Signatures of the two magnetic phase transitions in $\rho (H\parallel c)$ at low temperatures. The large arrows indicate the directions of the field sweeps. The sweeps show the clear first-order character of the first transition. Due to the small temperature dependence of $\rho$ below $100\mathrm{mK}$, the field sweeps at $75\mathrm{mK}$ are very similar to ${\rho }_0(H\parallel c)$ determined from power-law fits (solid circles).
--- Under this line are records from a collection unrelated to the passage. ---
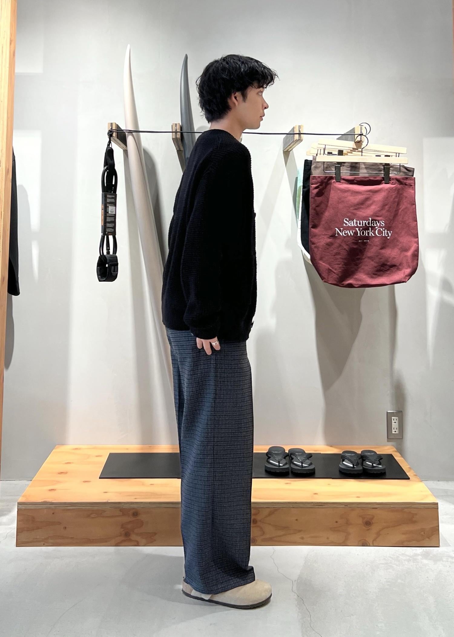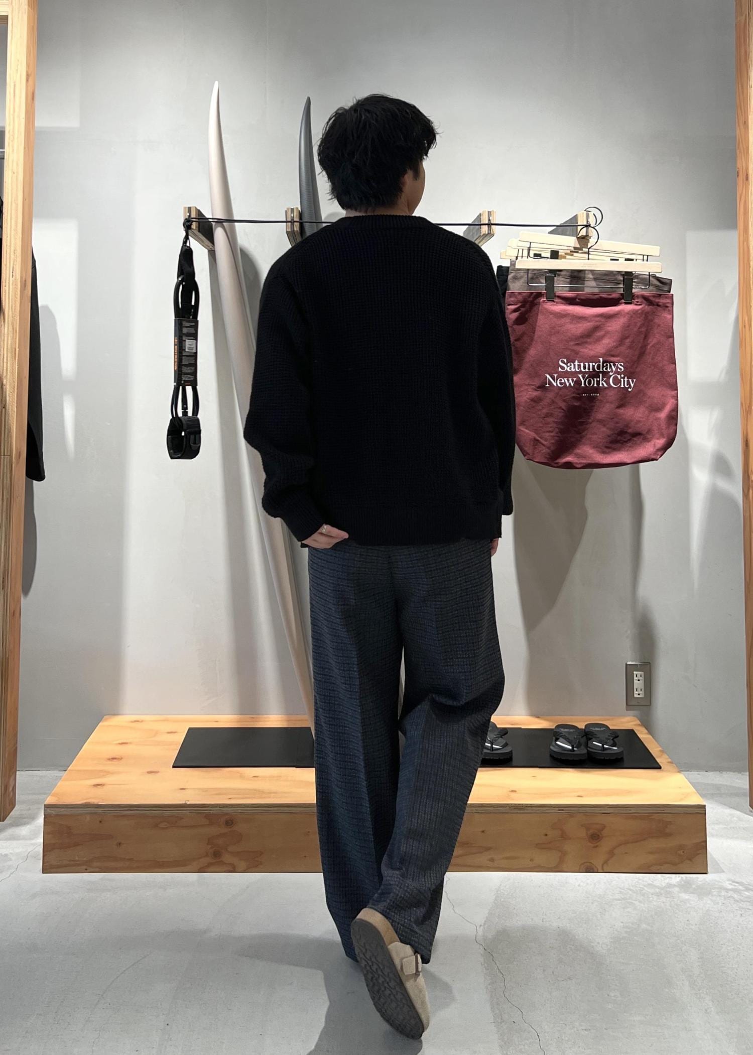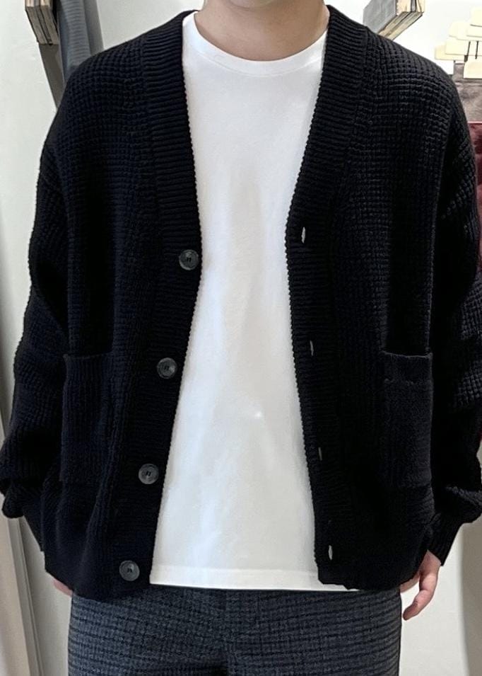 今回着用しております、ローゲージのワッフルカーディガンは、短めの丈でワイドシルエットというトレンド感があるデザインとなっております!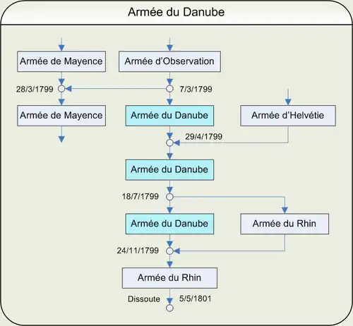 - Par arrêté du (3 frimaire an VIII), les armées du Rhin et du Danube sont réunies en une seule sous la dénomination d'armée du Rhin.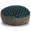 The Indienne Ayan Round Floor Cushion Cover features a playful block print geo-floral design in turquoise, champagne pink and nude, finished with a teal piping, and contrast champagne velvet pattern sides. The base is natural chambray.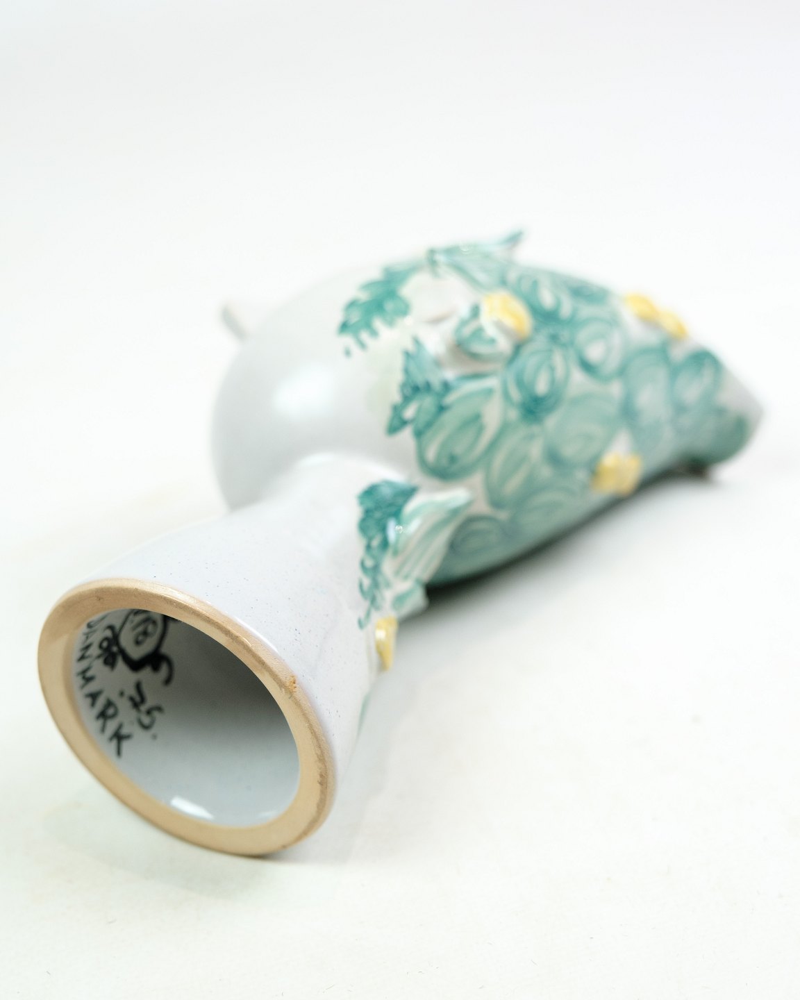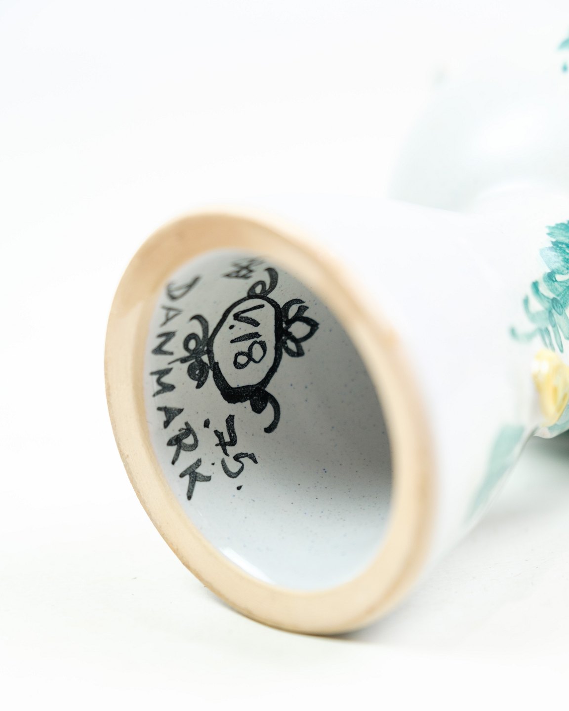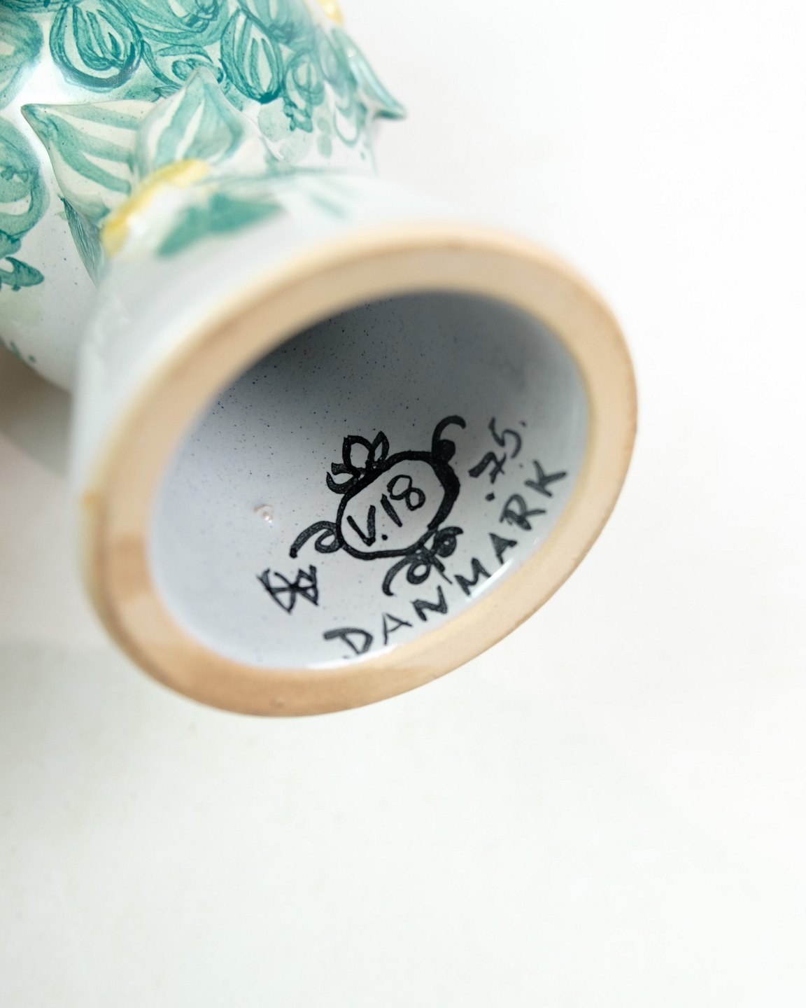SoldCeramic vase designed by Bjørn Wiinblad, with design no. V18 from 1975, produced in Denmark. This vase represents Wiinblad's distinctive style, which often included imaginative and colorful patterns. With a period influence from the 1970s, this vase is not only a functional object, but also a work of art that reflects the designer's unique aesthetic. A collector's item for lovers of Danish design and Bjørn Wiinblad's creative works.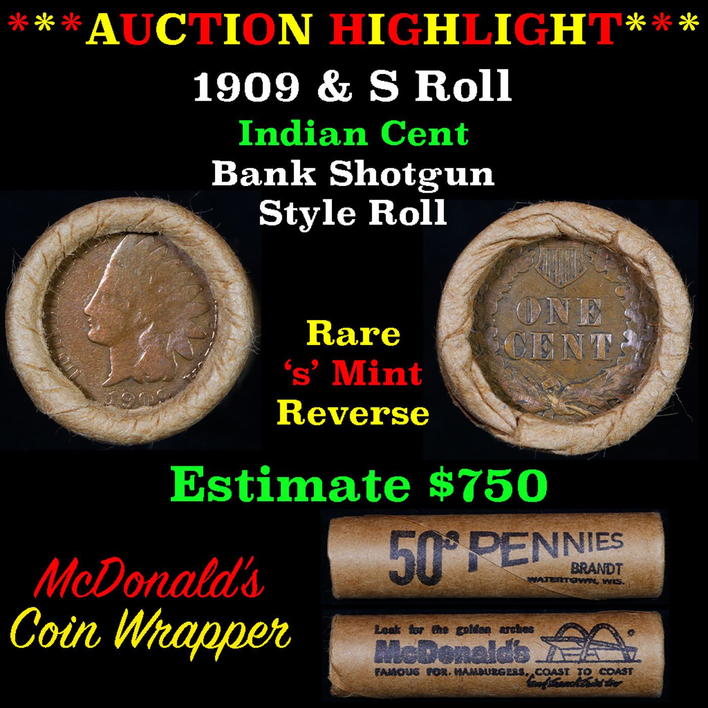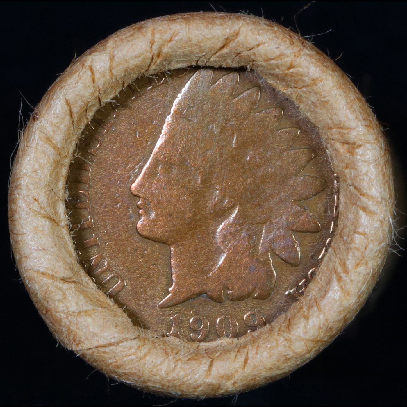 ***Auction Highlight*** Mixed small cents 1c orig shotgun roll, 1909 & S Indian Cent on other end, M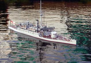 Royal Navy Units (URNU) as training vessels. The hull lines of these craft looked to me enough like an offshore power boat to work. Measuring 20.8 metres in overall length, with abeam of 5.8 metres and adisplacement of 54 tonnes, this would give ascaleof roughly 1:20 using my newlyacquired hull and would result in amodel displacement of around 6.75kg.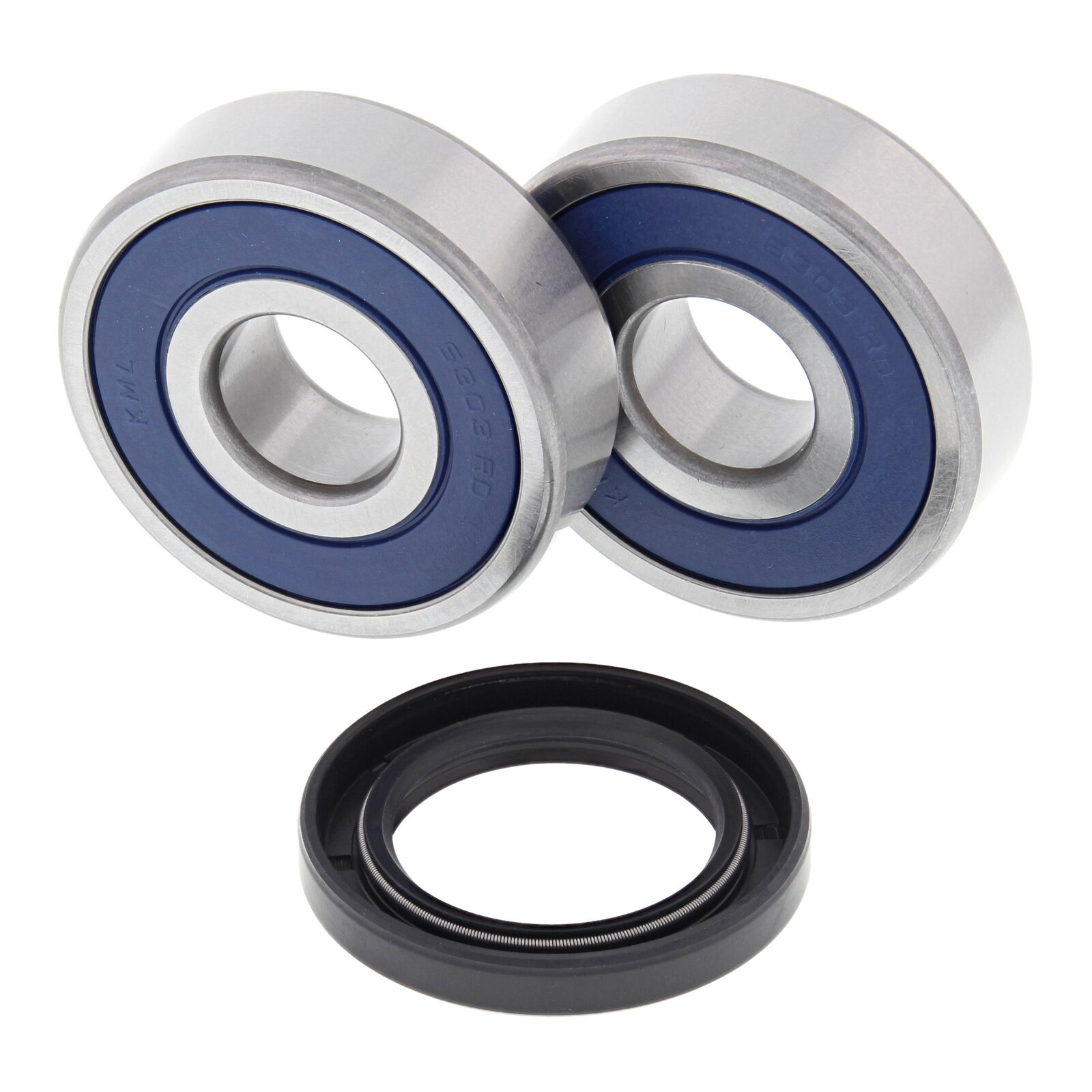 A quality Wheel Bearing Kit from All Balls. Contains Bearings and seals required as per application. Precision high-speed bearings manufactured to ABEC3 standards. Each Bearings is packed with Chevron SR-2 grease. The Seals use double lips to stop dirt entering. Install these Bearings and enjoy trouble free riding for years to come.

The difference between $\rho \left(H\right)$ at $75\mathrm{mK}$ and $240\mathrm{mK}$ illustrates the $H\parallel c$ dependence of the strength of the low-temperature resistivity.

Figure 10

Temperature dependence of the resistivity for $H\parallel c$. The two graphs illustrate the development with field of the low-temperature dependence of $\rho \left(T\right)$, which is strongest at $9.25\mathrm{T}$.

Figure 11

Analysis of the low-temperature resistivity for $H\parallel c$. The low-temperature exponent $n$ results from single-power-law fits of $\rho \left(T\right)$ (diamonds). The range over which the single-power law holds is indicated in the upper part of the figure (down triangles). Close to $H_{c1}^c$ the shoulder in $\rho \left(T\right)$ does not allow a determination of $n$. In the AF1 phase $x⩾2$. At higher fields $n<2$ in a considerable range with a minimum $n\approx 1$ close to $H_{c3}^c$. The magnitude of the low-temperature dependence of $\rho \left(T\right)$ is measured by the size of $\Delta \rho \left(250\mathrm{mK}\right)$ and reaches a maximum close to $H_{c3}^c$. These graphs are the result of analyzing measurements shown in Fig. 10.

Figure 12

Field-temperature phase diagrams of $\mathrm{YbAgGe}$. The magnetic phase boundaries are mapped by combining results of this study (representative data sets shown in Figs. 2, 3, 8, 9 solid symbols) and a recent study (open symbols) (Ref. 16). Indications for phase transitions have been seen in the resistivity (from up-sweeps in $T$, circles), the magnetoresistance (from up-sweeps in $H$, squares), and in the specific heat (triangles). Features in the Hall resistivity (crosses, $R_H$) define a further line in the phase diagrams (Ref. 21). (a) For $H\parallel a$ at lower fields two antiferromagnetic phases (AF1 and AF2) are found, as well as region III with yet unknown magnetic properties, and a high-field regime. The crossover in the high-field regime between non-Fermi-liquid (NFL) and Fermi-liquid (FL) resistivity sets in where $\mathrm{\Delta }\rho \left(T^2\right)$ ceases to follow a straight line. This phase diagram is the combined result of the in-plane and $c$-axis resistivity. (b) For $H\parallel c$, the various order parameters are unknown but regions I and III correspond to AF1 and AF2 order at zero field, respectively. At high fields an NFL regime is found.